A film can become a structure for remembering rather than a container for plot. It gives the audience pieces. It creates a bit of friction between them. It lets the viewer make connections across time, sensation, and emotional residue. The result isn't confusion for its own sake. It's aiming for participation. The viewer becomes part of the film’s afterlife.
This matters because audiences are often described as if they have lost the ability to pay attention. I teach university students and they often say in that self-deprecating way, "Our generation has no attention span." They tell me if I plan on making online content for them, I should keep it to five seconds. But what I see is a generation of people who can spend hours following crumbs of image, atmosphere, and texture, piecing it together into a three to five hour experience.

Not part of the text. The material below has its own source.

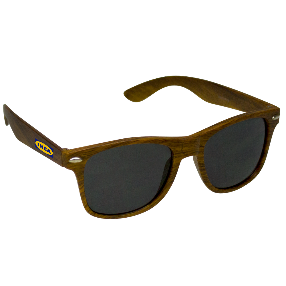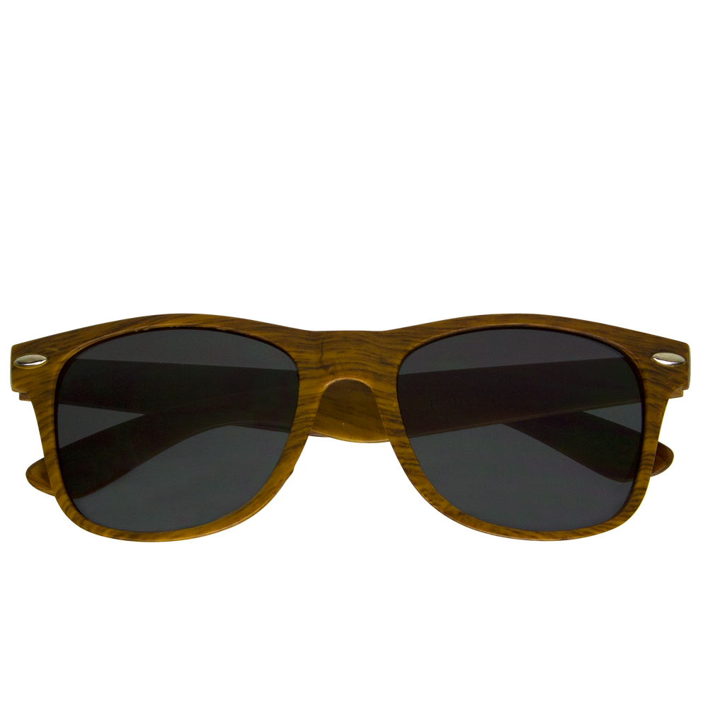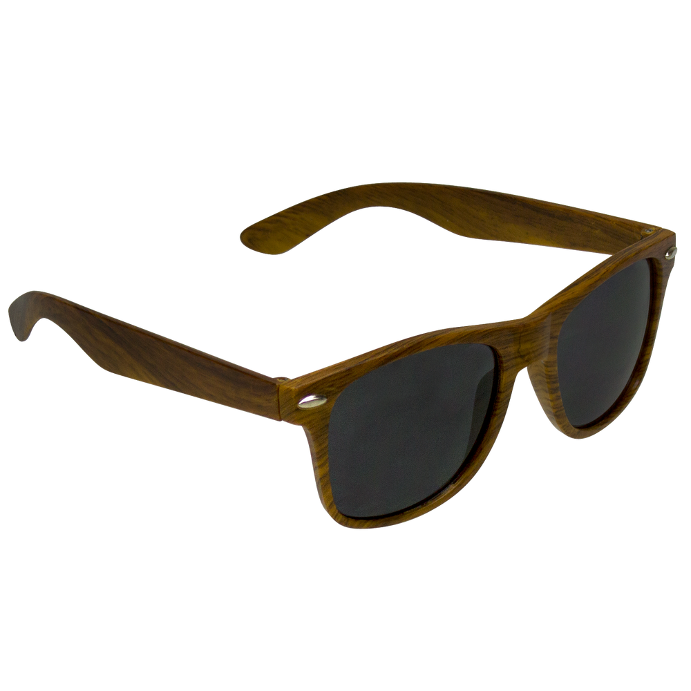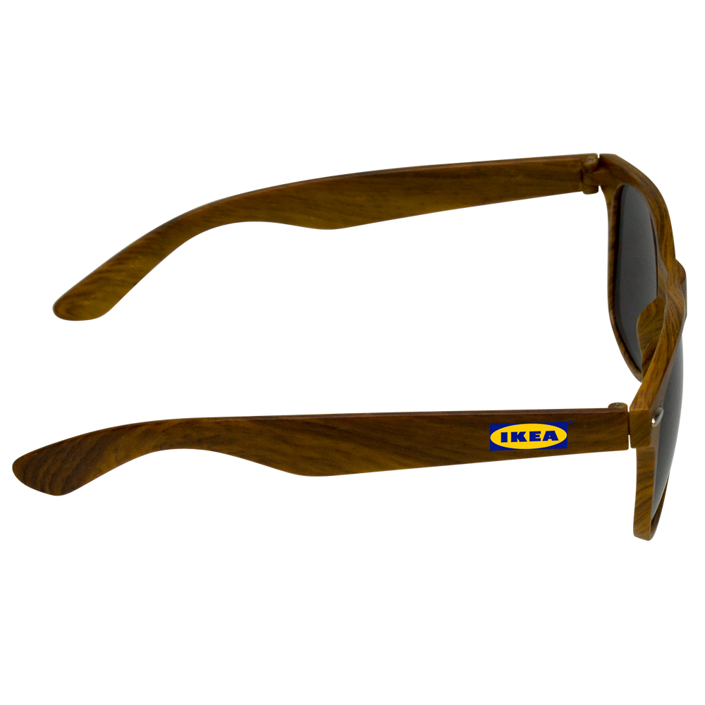 Subtle wood design adds a stylish twist along with a quirky academic, old-world feel to these shades, which are embellished with rivets and a quality bespoke design. Their shape is square, but don’t let that fool you – these shades know how to party like you wouldn’t believe! Straight from the board room to the dance club, from dawn ‘till dusk and back again, these custom sunglasses go anywhere and have fun right along with you. Customize them with our standard large imprint area of 2” x .25” to share a message, an image, or a very small manifesto.

I do not think that attention-deficit is the right phrase. Not when the media is full of obscure videos, atmospheric games, analogue textures, archival footage, slow cinema, and liminal spaces. It's a fractured digital culture that people are compelled to assemble. They are not allergic to duration. They are allergic to the emptiness of one meaning and having all the action relentlessly directing them to its pre-calculated target.
What people respond to is habitation.
A film can offer a place to dwell emotionally. It can create a room inside the mind. And in doing so, it can refuse to over-explain. It can trust ambiguity, silence, temporal instability, repetition, and fragments of memory. The audience then reconstructs the work through their own experience.
This is where my work in Crosspoints connects. In a sense, it's the result of a personal journey through all of what I've just related.
When I coach acting, or when I'm performing, my work begins from this very premise. Meaning is not fixed in advance. It emerges through relation. An actor doesn't “play the character” as a finished literary object. The actor brings a lived, embodied field of memory, sensation, impulse, association, and imagination into contact with the story world. The character and the actor occupy two different domains. The already-written and the imaginarily-lived worlds.
Performance happens in the crossing between those domains.
It is not decorative. It is structural. It isn't flat psychology. It's living inside an imaginary. It is the kind of double exposure I mentioned in my earlier post. When the two images align, resonate with each other, distort, echo, or contradict, something active appears. They help the actor find the deep architecture beneath behaviour.
Cinema can work this way too.
A fragmented film is not a cheeky rebellion against structure. It shifts structure from plot mechanics to mind architecture. Instead of asking, “What happens next?” it may ask, “What remains from what you last saw?” Instead of guiding through explanation, it invites reconstruction.
I made my acting deck to offer actors and directors a practical way to think through this. A scene is not only a unit of narrative. It is a field of forces. Wants, images, partners, emotional essences, expectations, emblems, and shifts in attention all create this kind of movement and they require a different way to score them. The actor builds a score from these forces. The film director can (and often does) think similarly. Image, rhythm, silence, object, repetition, rupture, and return are part of the cinematic score.
In this sense, I have always felt that cinema and acting share a problem. Both must transform representation into experience. Crosspoints treats performance as an act of construction, not illustration.
Perhaps the future of independent cinema doesn't need to exist in louder, brighter spectacle. It may require films that behave more like unstable, sensory memory. It may be partial, intimate, and unfinished.
The strongest films, for me, have always been the ones that don't end when the credits roll. They continue as fragments inside us. They ask us to complete them. Misremember them, argue with them, dream through them, and carry them forward. Possibly to do something with them in our own lives.